# INSTRUCTIONS TO FOLLOW
Please return exactly the lines below that run from the line with "Yumuşak pamuklu kumaştan" through the end of the listing, both included, but not the pictures.

═════ INPUT

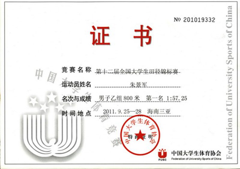 由中国老员工体育协会主办的第十二届全国老员工田径锦标赛于2011年9月25-28日在海南三亚举行,HAHA体育2008级朱景军同学以1:57.25的成绩荣获男子乙组800米第一名,为海南军团摘得首金,并以4:02.27的成绩荣获男子乙组1500米第三名。
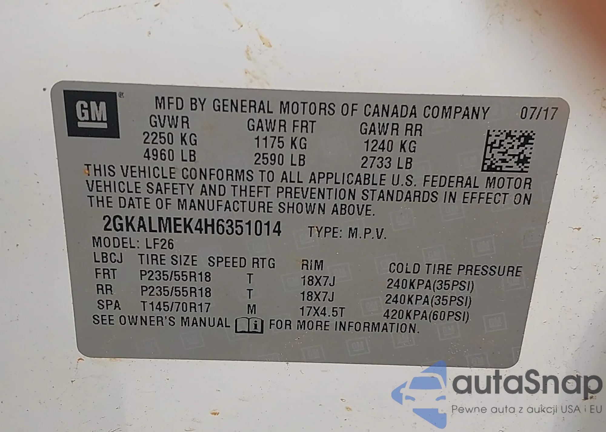 • VIN 2GKALMEK4H6351014
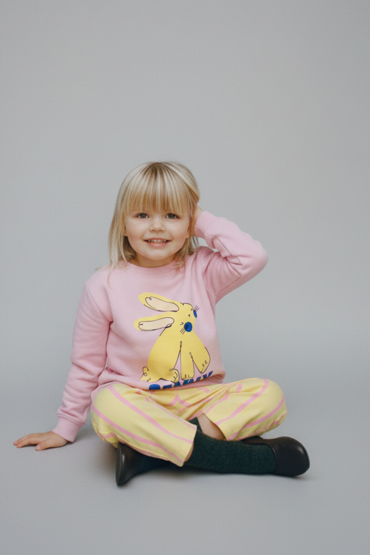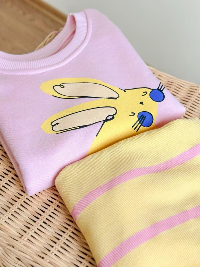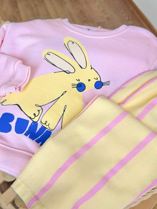 Yumuşak pamuklu kumaştan üretilmiş iki parçalı takım. Tavşan baskılı pembe sweatshirt ve sarı çizgili pantolonuyla konforlu, eğlenceli ve enerjik bir görünüm sunar.
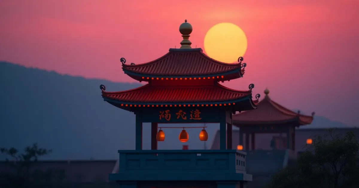 The warm glow of Buddhist temple bells at dusk, representing spiritual resonance.
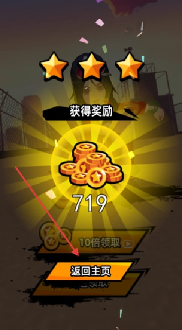 完成关卡后会得到金币奖励,点击返回主页就能继续挑战新关卡,或者查看游戏的其他功能内容。
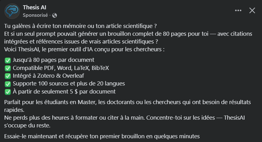 La publicité promet un résultat conforme aux exigences formelles d’une thèse de doctorat. L’application est donc censée faire en quelques secondes ce qu’un doctorant mettait trois ans à faire. Certes, le document final ne peut excéder 80 pages, mais il suffit de relancer la génération plusieurs fois, et le tour est joué. Évidemment, il y a des chances que, si le prompt est mauvais, le résultat soit pitoyable, mais les IA se sont tellement améliorées récemment que je ne doute pas qu’un prompt intelligent puisse produire un résultat bluffant.

══════════

# OUTPUT OF THE TASK
 Yumuşak pamuklu kumaştan üretilmiş iki parçalı takım. Tavşan baskılı pembe sweatshirt ve sarı çizgili pantolonuyla konforlu, eğlenceli ve enerjik bir görünüm sunar.
 The warm glow of Buddhist temple bells at dusk, representing spiritual resonance.
 完成关卡后会得到金币奖励,点击返回主页就能继续挑战新关卡,或者查看游戏的其他功能内容。
 La publicité promet un résultat conforme aux exigences formelles d’une thèse de doctorat. L’application est donc censée faire en quelques secondes ce qu’un doctorant mettait trois ans à faire. Certes, le document final ne peut excéder 80 pages, mais il suffit de relancer la génération plusieurs fois, et le tour est joué. Évidemment, il y a des chances que, si le prompt est mauvais, le résultat soit pitoyable, mais les IA se sont tellement améliorées récemment que je ne doute pas qu’un prompt intelligent puisse produire un résultat bluffant.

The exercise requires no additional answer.